Me senté en el pretil del
río, en el mismo corazón de la postal: la ladera con su sucedáneo
bien logrado de bosque, el monumento monopolizador, el agua
cristalina que corre como en la idea de un río. La imagen era tan
intachable que rápidamente se me olvidó lo invisible: que no me
sentaba en un espacio público desde hacía casi tres meses. Que en
el bolsillo del pantalón de quien me acompañaba había un espray de
desinfectante, menos mal, porque tengo tendencia irresistible a andar
toqueteando el mundo sin conciencia. Y cuando me pongo unas mallas
tan bonitas y tersas como las que ayer me puse, el mundo se reduce
drásticamente a mi culo. Lo confieso.
No voy a exagerar diciendo
que teníamos el oasis para nosotros solos. Pasaban otras cuantas
parejas de paseantes, los que sacan al perro, algún que otro jipi
inasequible al recelo pandémico. Si yo investigara vacunas habría
rastreado ya en su suero. Pero el Paseo de los Tristes sin las
terrazas puestas y sin turistas dinamita sin remedio tu espíritu
demócrata. Vivir la cara de la postal, limpia del garabateo y el
runrún de detrás, es como vivir en una estrofa perfecta. Una vida
de patricios.
Nos pasó lo mismo por las
calles del centro, en la plaza Bib Rambla, evisceradas de todo signo
de infundio turístico. Que regresamos a un tiempo en que el mundo
era un secreto que se cuenta al oído. La plaza sin paella gomosa era
la casa en el árbol con la que sueñan todos los niños sanos y
decentes. Tuvimos que retirarnos la mascarilla para aspirar sin
moderación el aroma embaucador de la flor de los tilos. Infectados
al momento: de vegetación y codicia. Andando como si lleváramos
escrito “la ciudad es nuestra” en la camiseta.
Obviamente, no se puede
vivir dentro de la poesía sin pasar hambre. Volverá algo muy
parecido a lo que aceptábamos como la normalidad y será de nuevo un
poco banal y un mucho ruidosa. Habremos de sortear otra vez mesas en
las que se come y se bebe y se olvida. Aparcaremos la fragilidad y
arrancaremos los coches. El aristocrático paseo de ayer marca el
inicio de mi particular desescalada.
Porque también yo saldré
de ésta algo tarada, como todo hijo de madre humana. Herida más que
por el miedo, por el retraimiento. Si ya era adicta al silencio
social, las semanas de parálisis han hecho de mí una yonqui. Veo
gente paseando en grupo, o haciendo cola para echarse una cerveza al
fresco, y me siento casi de otra especie. La gente me espanta, por
mucho que, cogidas selectamente de una en una, me puedan interesar y
hasta encantar las personas. Ahora que la colmena se reactiva, he de
desvestirme el traje de la abeja solitaria (que las hay, conste). Me
recordaré continuamente que, en mi pirámide de valores, la
compasión y los vínculos están por encima de la comodidad del
individuo.
Y si alguien cree que lo
arduo era estarse encerrado en casa se equivoca.
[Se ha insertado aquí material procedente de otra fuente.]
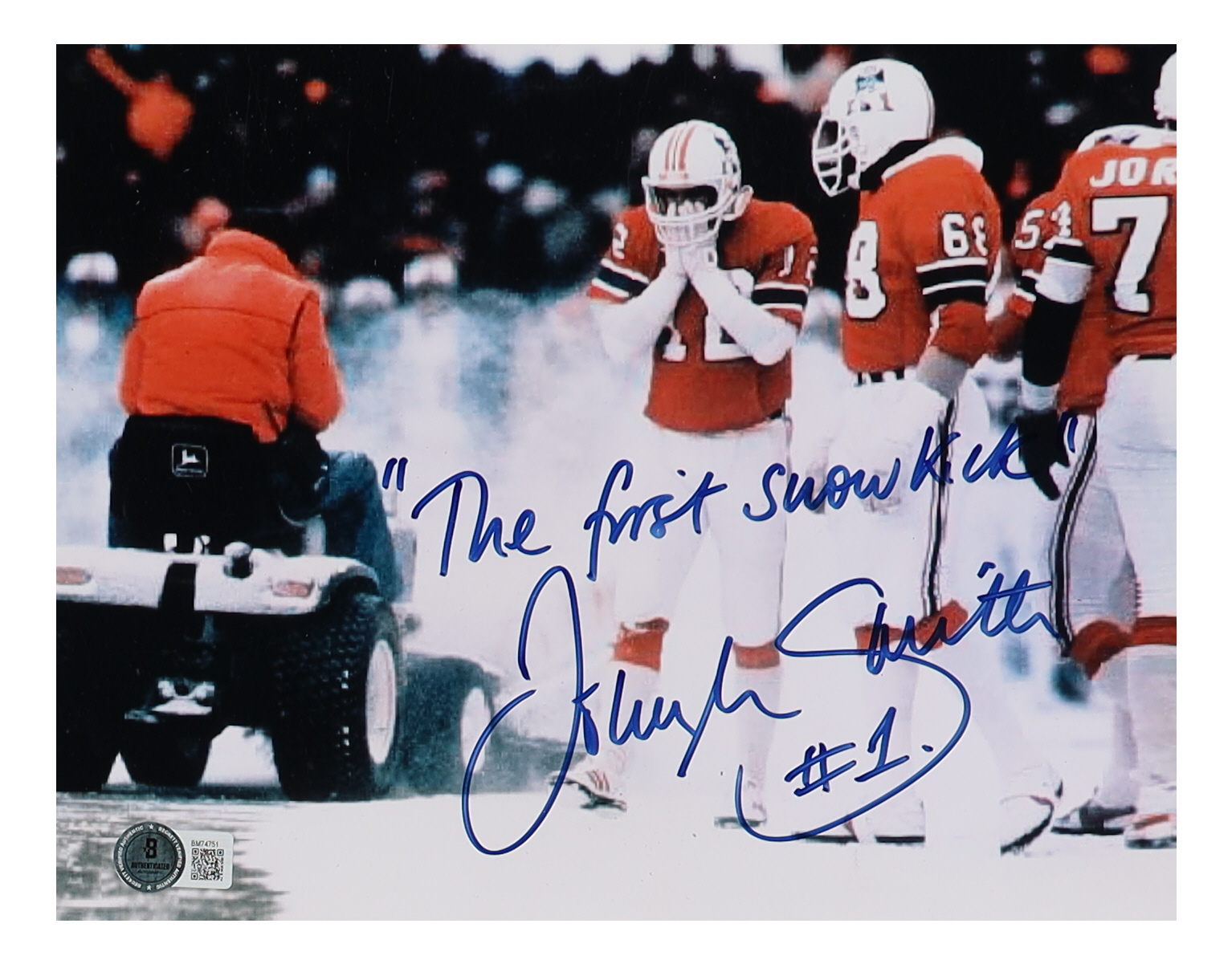 John Smith Signed New England Patriots 8x10 Photo Inscribed "First Snow Kick" (Beckett)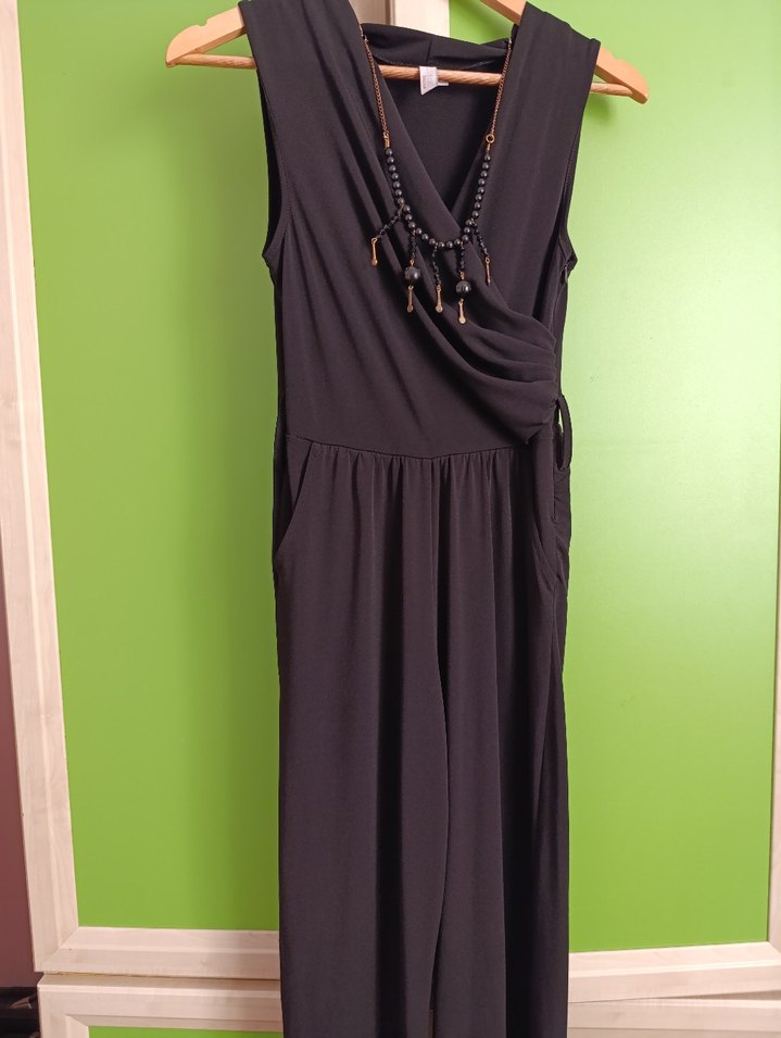 Siyah, yüksek yakalı ve kolsuz, vücuda oturan midi tulum. İpeksi dokusu ve drapeliyle avant-garde tarzına uygun. Parti için ideal. boyu 136 cm

Obedecer siempre es
más fácil que adoptar decisiones ajustadas a una ética propia. Lo
complicado viene ahora: escapar de la dialéctica elemental del
heroísmo y la batalla y vivir una vida en comunidad responsable.
Reaprender a andar haciendo quizás demasiados equilibrios. Entre lo
mío y lo de todos. El placer y la responsabilidad. La
despreocupación y la alarma. Entre la poesía y la prosa.